I do agree that future support of zero copy through DLPack is interesting, so it’s worth considering using tvm.runtime.ndarrays instead of numpy arrays. One question I have about this, though, is whether we should store labels as tvm.runtime.ndarrays as well as the data. If I provide a tvm.runtime.ndarray as input to a graph runtime module (or one of the other ways to run a relay module), is the output also a tvm.runtime.ndarray?

I want to make sure that the datatype of f(data) matches the datatype of the labels so users can directly compare them.

electriclilies · March 24, 2021, 9:10pm

Also, it appears that tvm.runtime.ndarray only has one method for comparing ndarrays, same_as, and same_as checks object identity equality, not value equality.

If the output of running a relay mod is a tvm.runtime.ndarray, and the labels are also a tvm.runtime.ndarray, it seems that the user will not have a good way to compare the output to the labels without converting the ndarrays to numpy by using the as numpy method.

tqchen · March 24, 2021, 9:12pm

@electriclilies that is correct, the output of the tvm’s code is always going to be tvm.runtime.ndarray.

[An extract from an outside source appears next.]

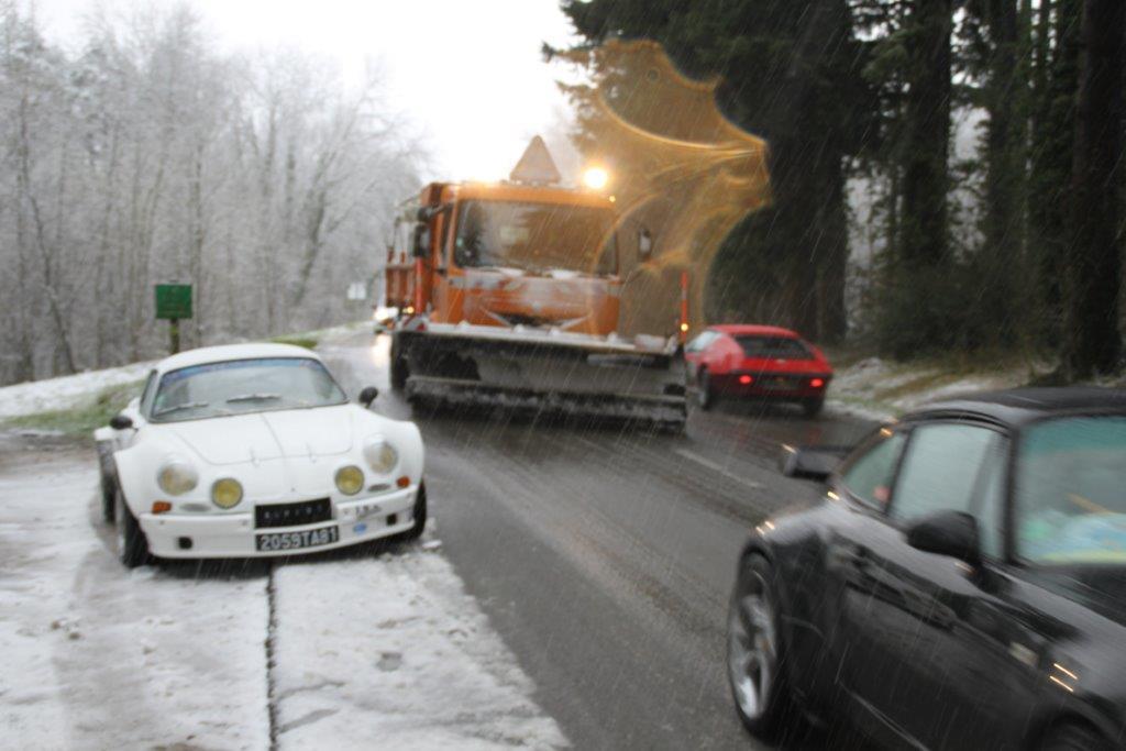 Petit café et croissant allaient réchauffer les équipages. Le temps également d’apprécier la primeur Gaillacois de notre Ami Olive. Vin nouveau qui s’est légèrement refroidi dans la Berlinette du propriétaire. La saucisse Aveyronnaise a aussi été très appréciée.

To run further comparison (e.g. eval metric). We will need to convert them to numpy for further comparison. or bake evaluation as part of the computation(of the relay program).

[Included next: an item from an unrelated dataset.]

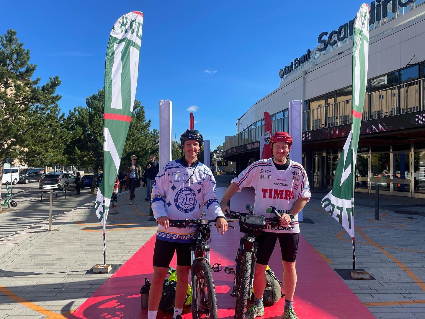 Deras cykeläventyr började med ett vad. Jocke Norlin lovade att cykla till Timrås första seriematch i Hockeyallsvenskan 2020 om det blev så att storstjärnan Jonathan Dahlén blev kvar i landets andradivision med Norlins favoritlag.

electriclilies · March 24, 2021, 9:15pm

I guess having the user transform them into numpy before comparison is OK for now, and to be consistent I’ll make both data and labels tvm.runtime.ndarrays. I can put a note in the documentation that they need to convert them to numpy arrays before comparing them.

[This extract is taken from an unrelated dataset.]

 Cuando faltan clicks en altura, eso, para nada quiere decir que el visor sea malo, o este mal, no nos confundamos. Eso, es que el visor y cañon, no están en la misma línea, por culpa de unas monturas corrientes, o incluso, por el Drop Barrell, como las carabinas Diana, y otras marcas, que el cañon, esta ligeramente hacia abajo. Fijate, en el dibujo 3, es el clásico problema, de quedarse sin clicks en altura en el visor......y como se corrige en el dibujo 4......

It would be nice if there was a way to directly compare the values of tvm.runtime.ndarrays, though.

altanh · March 27, 2021, 9:31pm

Commenting to agree that I like the approach, and strongly believe this will be useful (e.g. for reducing the boilerplate involved with setting up datasets for TVM training, since common datasets already exist in PyTorch or TF). Also agree with Tianqi about the NDArray/DLPack interfacing as we want to eliminate any unnecessary data copying especially in the training workflow.

Perhaps this is more specific to the PR, but I’m a bit wary of assuming a specific input and target/label shape (e.g. NCHW and integer) for some of the loaders, since this seems overfit to vision (how would we support a BERT dataset, for example?) Is knowledge of the layout really required? I’m also not sure about __next__ return a list of ndarrays, since when batching inputs we want them to be in a single contiguous array of shape (batch_size, ...). Hope this makes sense and would be happy to formally review the PR once you’ve had time to incorporate the other feedback!

electriclilies · March 29, 2021, 7:57pm

@altanh Thanks for the input. I think you’re right, knowledge of the layout is not required, and I can remove that.

With regard to your concern about the list of ndarrays – the ndarrays in the list are meant to be batched (I should make this clearer in the documentation, though). The intention is to allow DataLoaders to be used with relay mods that take more than one input. So if we have a list that is [ndarray1, ndarray2], ndarray1 is the first input to the relay mod, and ndarary2 is the second. For a mod that takes batched inputs, the list would look like this: [ndarray1], where ndarray1 has dimensions (batch_size, ...).

Then running the graph runtime module would look something like this:

for data in dataloader:
     for i, inp in enumerate(data):
           graphmodule.set_input(i, inp)

graphmodule.run()

With regard to whether the batch size is necessary – one of the algorithms that is commonly used to pick scales and zero points uses batch size because it calculates an average across batches. (I guess an interesting and related question here is how we would use this calibration method with BERT, since it doesn’t have batch size). I thought it was cleaner to package the batch size with the data coming into the function rather than requiring a user to figure out what it is and pass it in directly.

And additionally, anytime you are doing averaging or trying to calculate accuracy, having the batch size easily available without having to slice it out of your tensor with an index calculated based on what the layout is is useful.

But, for non-batched data, I agree that it doesn’t make sense to have the batch size. I’m not sure what the best solution is here. One option is that the DataLoader could have subclass called BatchedDataLoader that has the batch_size property. I’m open to other suggestions, though.

altanh · March 30, 2021, 8:25pm

Thanks, the batched inputs thing makes sense, I misunderstood! I also didn’t mean to imply that batch size itself is unnecessary- I do think it’s a fairly universal concept for data loading (except for perhaps dynamic models where the input shape changes for each instance, but in this case you could dynamically batch the same shapes and/or set the batch size to 1 and manually aggregate results). In any case, supporting non-batched stuff seems out of the scope of DataLoader so I wouldn’t worry about it too much.

Thanks for clarifying!